§ **What to do**:
Write the data out again exactly, with every picture removed.

§ **Collected material**:
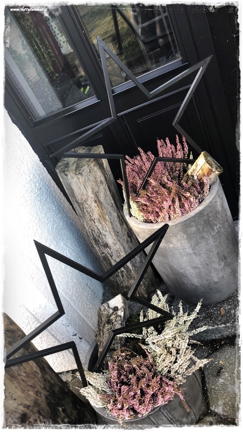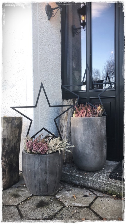 …ég tók líka tvær stjörnur í minni gerðinni, og setti í blómapottana fyrir utan hjá okkur…
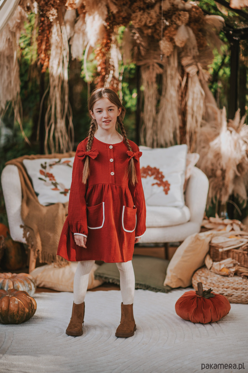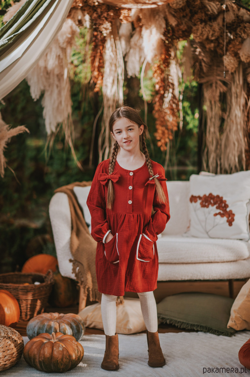 Muślinowa dziewczęca sukienka z uroczymi kieszonkami. Ozdobiona kremową lamówka. Z przodu zapinana na kokosowe guziki. Idealna na jesienne przygody!
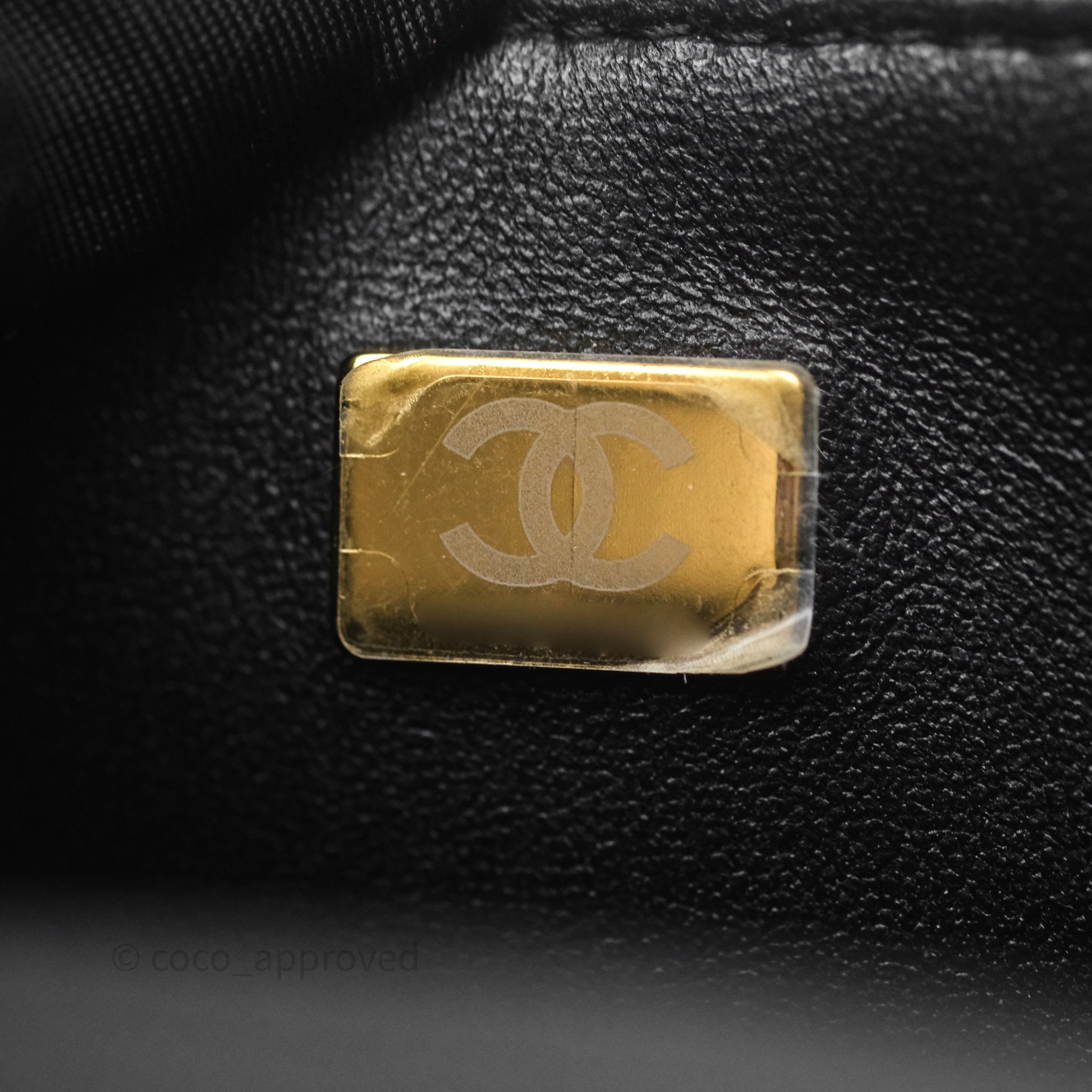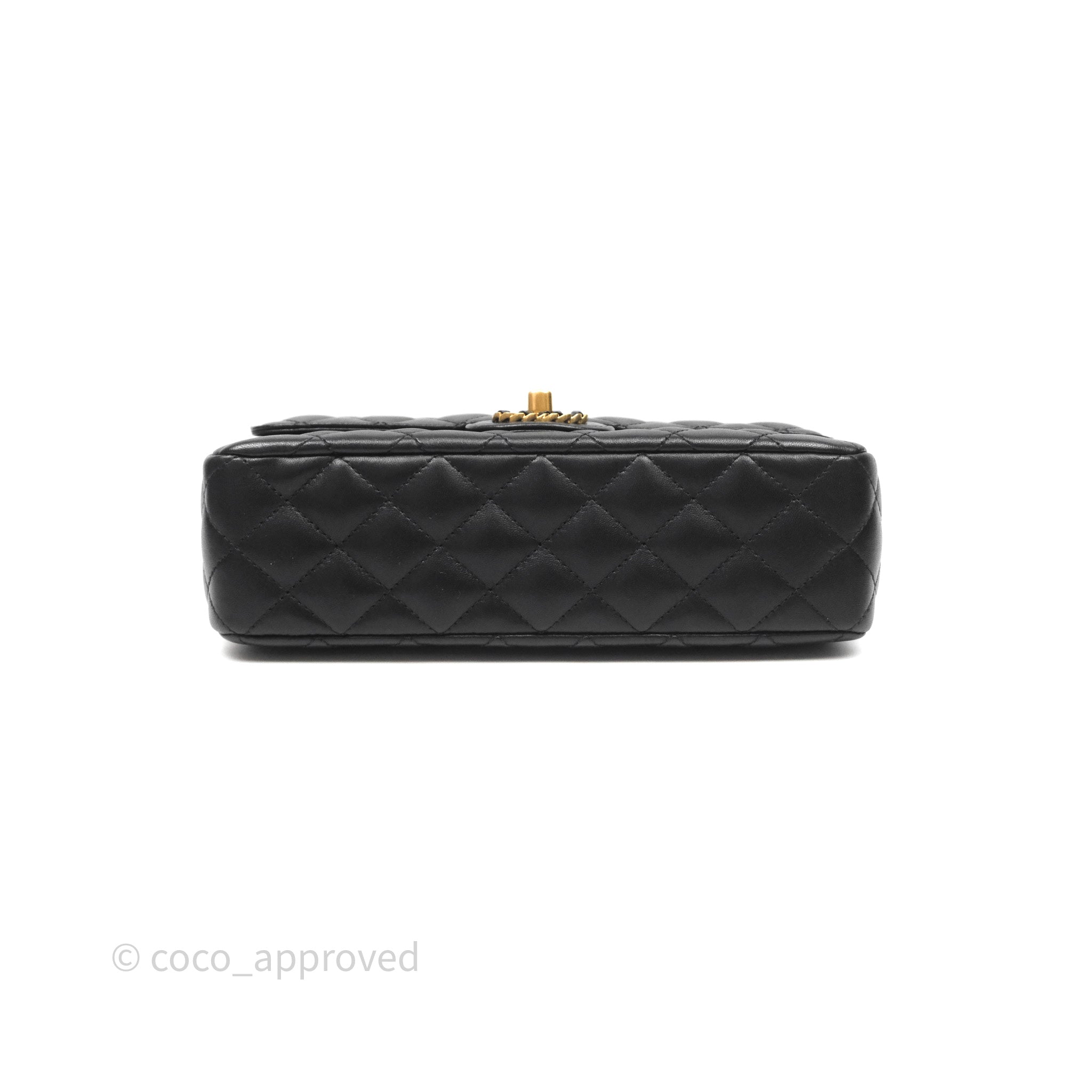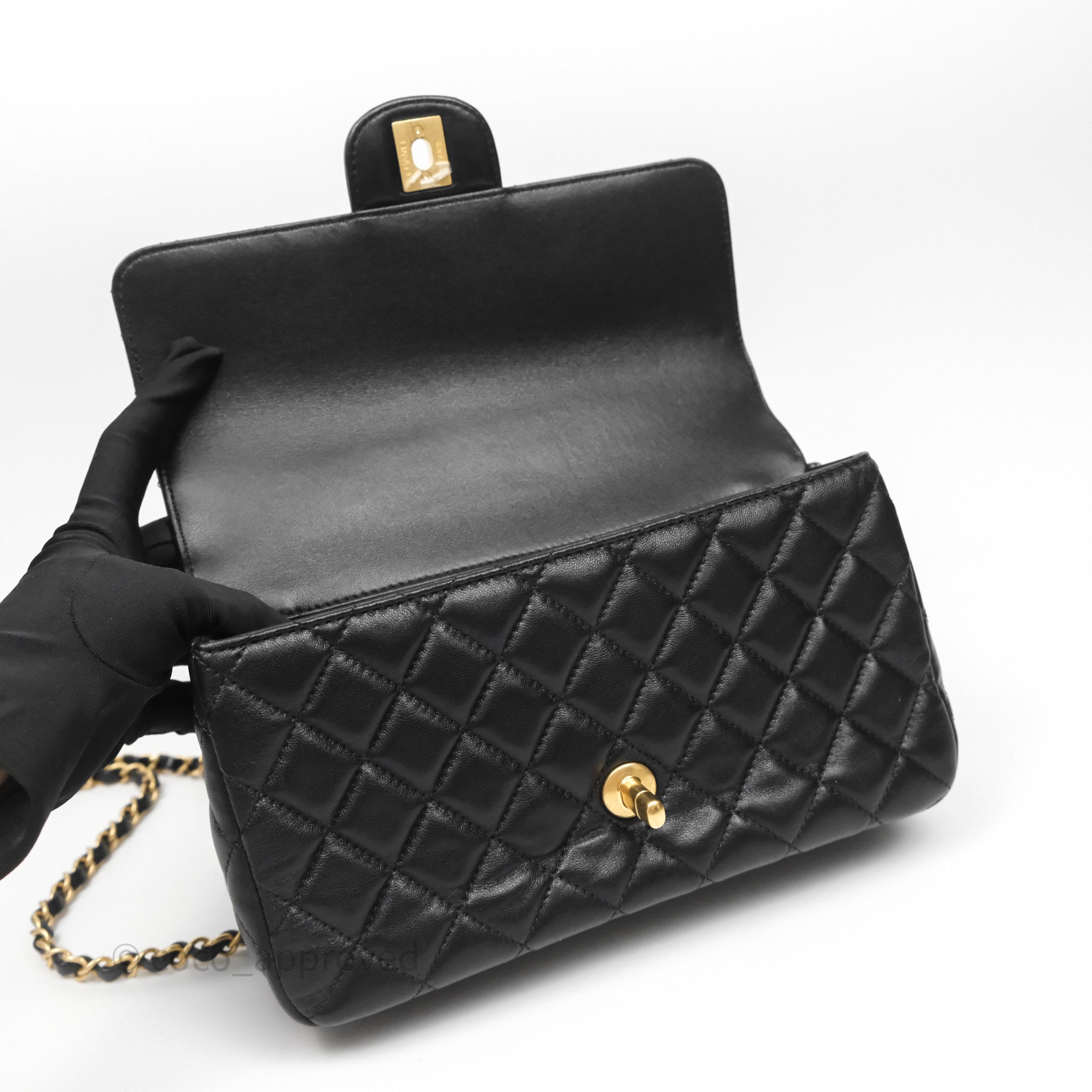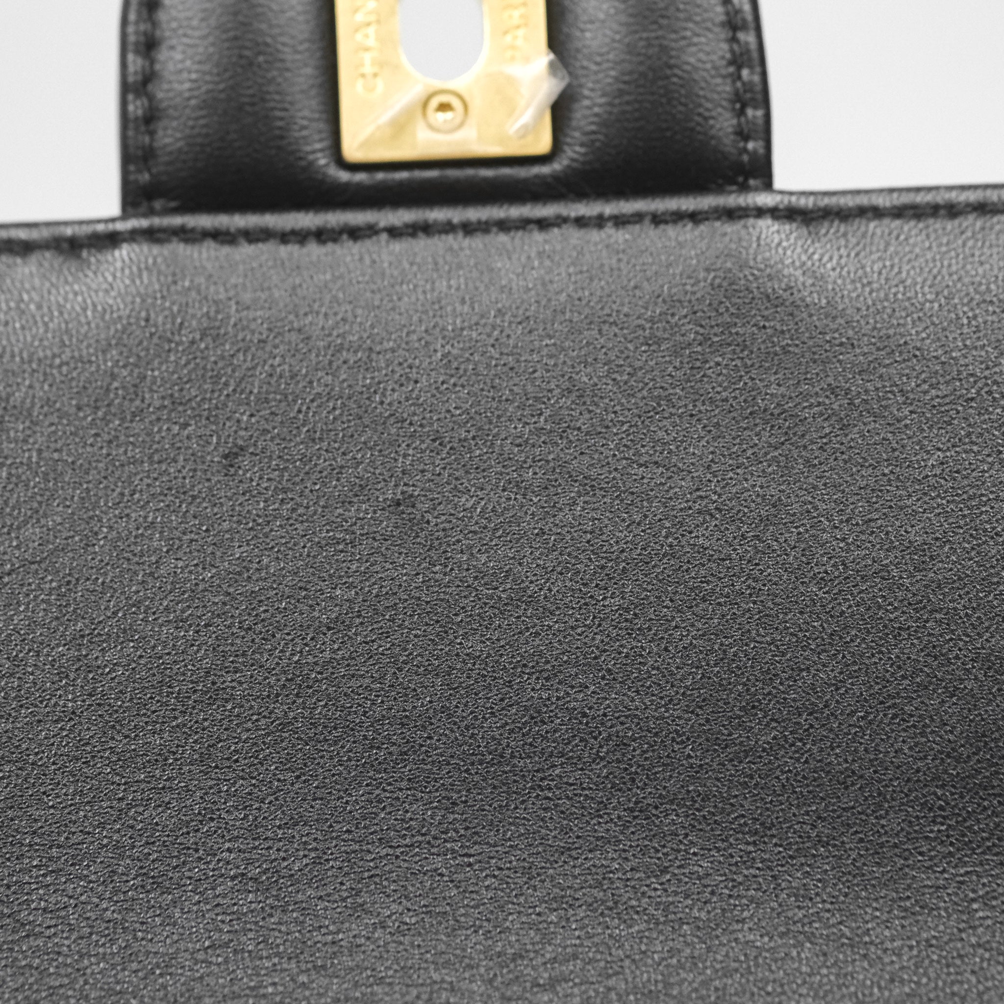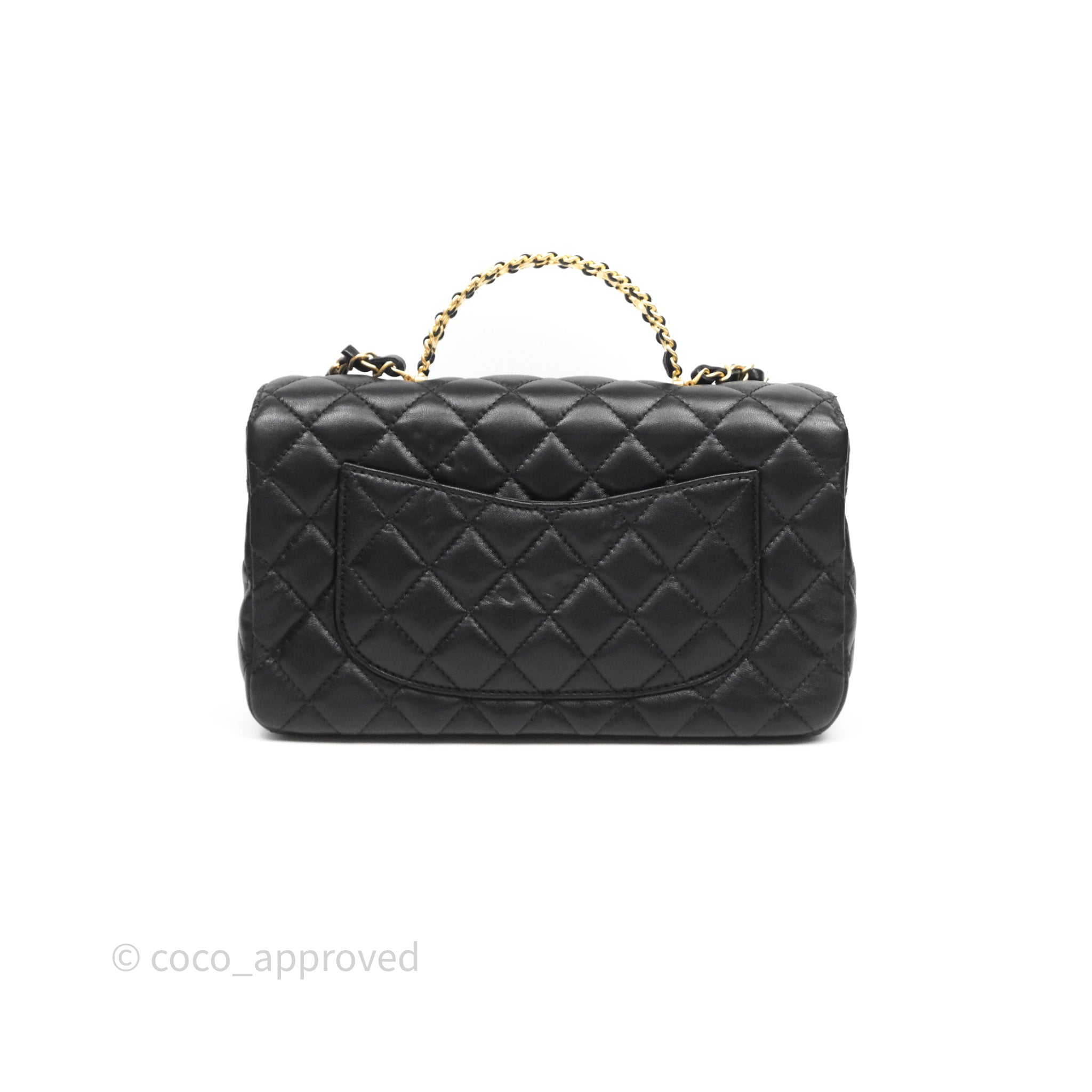 Chanel Logo Top Handle Small Flap Bag Black Lambskin Gold Hardware 24C

§ **Task solution**:
 …ég tók líka tvær stjörnur í minni gerðinni, og setti í blómapottana fyrir utan hjá okkur…
 Muślinowa dziewczęca sukienka z uroczymi kieszonkami. Ozdobiona kremową lamówka. Z przodu zapinana na kokosowe guziki. Idealna na jesienne przygody!
 Chanel Logo Top Handle Small Flap Bag Black Lambskin Gold Hardware 24C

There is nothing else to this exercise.